するめ侵略!イカ娘


#1 MuddyRoad(TCO11 Round1 Medium) / ★★★☆☆ / 問題全文はコチラ[要ログイン・英語]

う〜ん・・・

栄子、さっきから何を唸っているでゲソ?

ああ、イカ娘。さっきからこの問題に挑戦しているんだが全く分からなくてな・・・

え〜と、なになに・・・

・・・

なーんだ、典型的なDP(動的計画法)じゃなイカ!しかも、割と簡単な部類に入ると思うでゲソよ?
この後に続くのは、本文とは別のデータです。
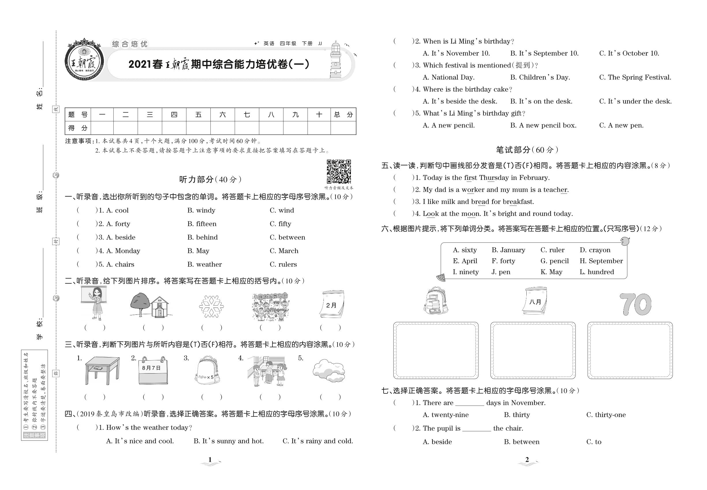 2021下册四年级英语冀教版 王朝霞期中综合能力培优卷(一)

DPってことは割と直感で分かったんだが、どういう風に更新式を立てればいいのか分からないんだよ・・・

i個目の道で踏んでいる泥の数の期待値を出せばいいんじゃないかとか、色々考えたんだけど・・・

う〜ん、難しく考えすぎじゃなイカ?

ひとつヒントをあげるでゲソ。この問題の目的は期待値を求めることでゲソ。栄子、そもそも期待値とはなんだったでゲソ?

問題を小さく分解する

期待値ってそりゃあ、確率変数とそれが起こる確率を掛けあわせて足したものだけど・・・

なんだ、分かってるじゃなイカ!それじゃ、この問題は期待値の求め方からこのように分解できるでゲソ。これはごく自然なアプローチじゃなイカ。

(求める値) = 0 × (泥を0個踏む確率) + 1 × (泥を1個踏む確率) + ... + n × (泥をn個踏む確率)
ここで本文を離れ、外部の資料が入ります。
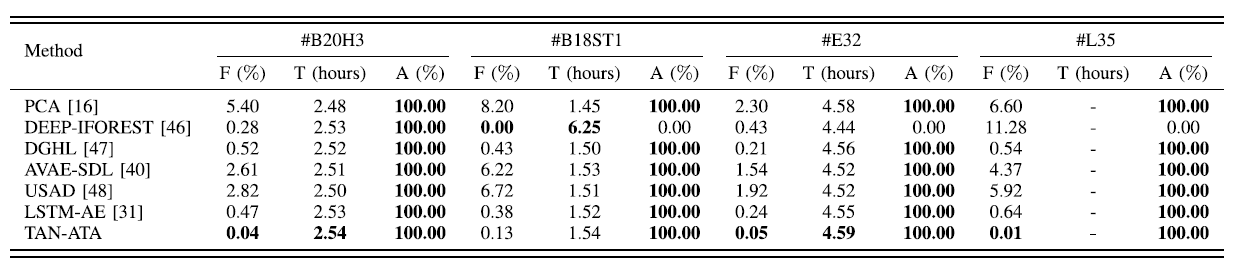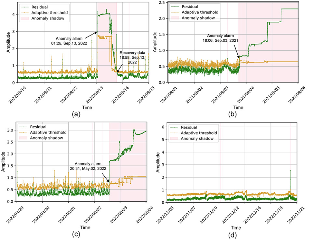此外,TAN-ATA在不同测试数据集上的异常检测结果如图3所示。自适应动态阈值可以很好地处理ESP正常运行过程中噪声引起的误报且不会引起报警的滞后。

つまり、最後まで到達したとき、泥を1〜n個踏んでいる確率がそれぞれ求まればいいのでゲソ。

なるほど・・・

最適な行動って?

考え方は分かったんだが、泥をx個踏んでる確率ってどうやって求めるんだ?

ここでDPを使うでゲソ。(i番目の道で泥をx個踏んでいる確率) = dp[i][x] と置けば、更新式が見えてこなイカ?

・・・ああ、分かったぞ!現在地から、次の二つの泥の状態について考えればいいんだ!

図で説明するとこうだ。

(1)次のマスが泥、その次のマスも泥の場合

これは2マス進んだほうがいい。1マス進んだ場合、i+3番目も泥だった場合は泥を2回踏むはめになっちまうからな。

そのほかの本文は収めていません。